Florfenicol can alter the structure of the microbiota and can reduce the biodiversity of the microbiota by acting as a strong stressor (Zeng et al. 2019). The evaluation of microbial diversity using the ACE index, Shannon index, and Simpson index in this study revealed that soil samples supplemented with florfenicol exhibited reduced microbial diversity compared to those without florfenicol. This observation strongly suggests that florfenicol exerts inhibitory effects on the soil microbial community.

Soil microbial communities play a vital role in driving various ecosystem functions and ecological processes and are instrumental in maintaining biogeochemical cycles (Delgado-Baquerizo et al. 2016). The structure of bacterial communities is intricately linked to the soil environment, and any alterations in the soil environment can lead to corresponding changes in the bacterial community structure (Zhang et al. 2022). Antibiotics have a profound impact on microbial communities, primarily influencing community diversity, abundance, composition, and function (Qiu et al. 2023). Extensive research has indicated that antibiotics can modulate microbial biomass and community structure by affecting microbial enzyme activity and metabolic capacity (Wang et al. 2020). Florfenicol, an amidol class broad-spectrum antibiotic, possesses a prolonged half-life and can persist in soil for extended durations, remaining biologically active (Subbiah et al. 2011). Moreover, it exhibits high solubility and resistance to degradation (Dechene et al. 2014). Consequently, the accumulation of this antibiotic poses a significant concern with potential ecological implications.
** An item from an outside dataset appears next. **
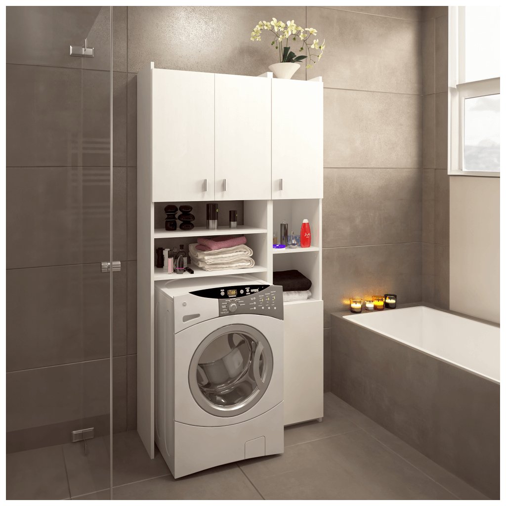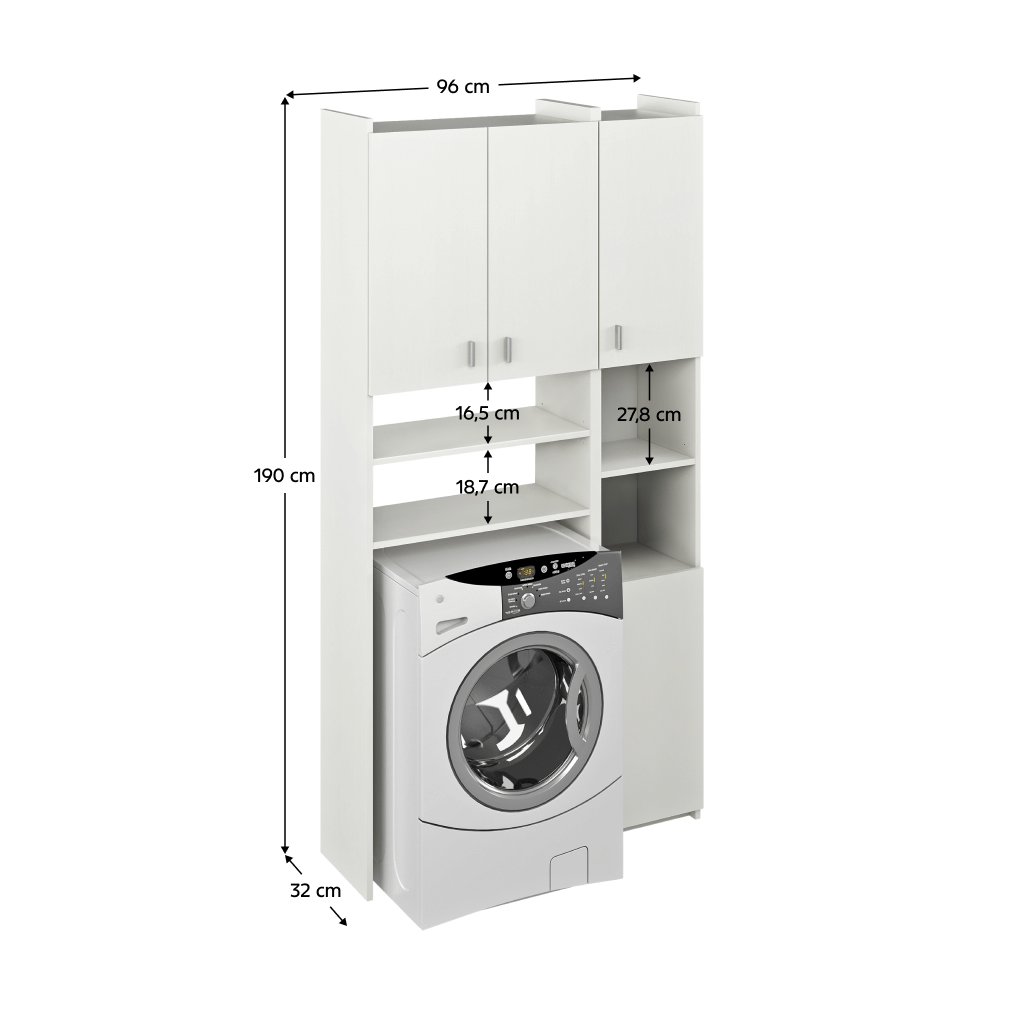 Skříňka nad pračku s regálem, bílá, MIRALI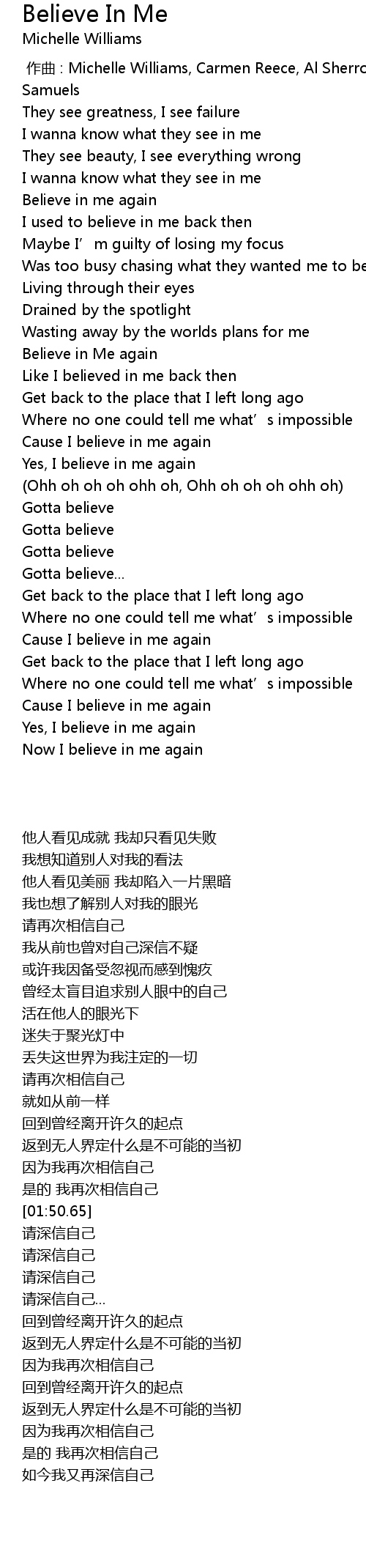 | [01:33.36] | Cause I believe in me again |

Utilizing the high-throughput sequencing research method, this study investigated the impact of varying times and concentrations of florfenicol on soil microbial structure and diversity. The findings revealed that florfenicol not only altered the structure of the soil microbial community but also influenced species diversity and abundance. The inhibitory effect became more pronounced with increasing drug concentrations, with the most significant impact observed at 50 mg/kg of florfenicol. Additionally, the negative impact of florfenicol on soil microbial structure and diversity exhibited temporal variations, with the duration of florfenicol stress correlating with a greater impact. Consequently, it can be anticipated that residues of veterinary drugs in the aquaculture industry may result in persistent pollution in soil and water environments, posing long-term potential risks to human health and the entire ecosystem.

Conclusions

The results demonstrate that florfenicol significantly alter the soil microbial community structure and decrease microbial richness and diversity. Greater florfenicol concentrations exert more pronounced inhibitory effects.